Histatin cross-linking sites on G-actin
TGase catalyzes covalent cross-linking of glutamine and lysine residues in proteins [23]. Since in the histatin-G-actin cross-linking reaction only actin contains glutamine residues, it follows that actin should be the glutamine donor in this case. DNase1, which binds to the D loop (His40-Lys50 sequence) of G-actin [29], strongly inhibits cross-linking of histatins to actin (Fig. 7b). These results indicate that histatin-3 and −5 also bind to the D-loop of G-actin and should be cross-linked to either Gln41 or Gln49 in the D-loop. Gln41 seems to be the preferred candidate for this role since this residue participates in the intrastrand cross-linking by N-(4-azido-2-nitrophenyl) putrescine between F-actin protomers [30] and in the intramolecular actin cross-linking to Lys50 [24]. This residue was also labeled with DED [21] and TRC [22] fluorescent probes by TGase. On the other hand LL-37, which also binds to the D-loop [6], is preferentially cross-linked to Gln-49 [6]. The cross-linking of Fl-LL-37 to G-actin is inhibited by histatin-3 and −5 (Fig. 5c). To locate the cross-linking site in the D-loop we cross-linked G-actin and TGase pretreated G-actin (TG-G-actin) with Fl-histatin-3 and −5 (Fig. 8). The TGase treatment of G-actin yields intramolecular cross-link between Gln41 and Lys50 and makes Gln41 unavailable for further cross-linking [24]. We found that slightly less actin Fl-histatin-3 cross-linked products formed with TGase pretreated than with untreated G-actin. (Fig. 8). Therefore, the result that TGase pretreatment only slightly decreases the cross-link formation between G-actin and Fl-histatin-3 indicates that Gln-49 is the main glutamine donor in the D-loop of actin in this reaction. However, a minor role of Gln41 cannot be excluded in this cross-linking. On the other hand, the same amount of cross-linked product formed in the reaction of G-actin or TG-G-actin with Fl-histatin-5 (Fig. 8) indicating that Fl-histatin-5 does not cross-link to Gln41 of G-actin.
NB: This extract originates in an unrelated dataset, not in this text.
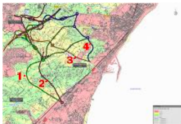
4 viales propuestos por Conselleria

“El despropósito con las alternativas de viales entre Alfaz del Pi y Altea sigue aumentando. No sólo se han proyectado dichos viales sin el consentimiento de Alfaz del Pi , si no que

Subtilisin cleaves G-actin into Asp1-Met47 N-terminal and Gly48-Phe375 C-terminal fragments [31]. We found that both fragments can be cross-linked with Fl-histatin-3 (Fig. 9a). The N-terminal fragment contains Gln41 as single glutamine residue which proves that Gln-41 can also be glutamine donor in cross-linking of Fl-histatin-3 to G-actin. However, Fl-histatin-5 is cross-linked only to the C- but not to the N-terminal G-actin fragment (Fig. 9b), which supports our finding that Fl-histatin-5 is not cross-linked to Gln41 of G-actin (Fig. 8). The cross-link formation between Fl-histatin-3 or Fl-histatin-5 and the C-terminal actin fragment (Fig. 9), which contains the other D-loop glutamine, Gln49, indicates that this residue is the main cross-linking site on the D-loop of G-actin. Trypsin cleaves G-actin between Lys68 and Tyr69 leading to the formation of stable Tyr69-Arg372 C-terminal fragment [31]. We found that the Tyr69-Arg372 C-terminal tryptic fragment, which does not contain the D-loop, can be also cross-linked to both Fl-histatin-3 and −5 (Fig. 9). This finding indicates that beside Gln41 and Gln49 other, non-D-loop glutamines of actin, can also serve as minor glutamine donors in the TGase catalyzed actin-histatin cross-linking reaction.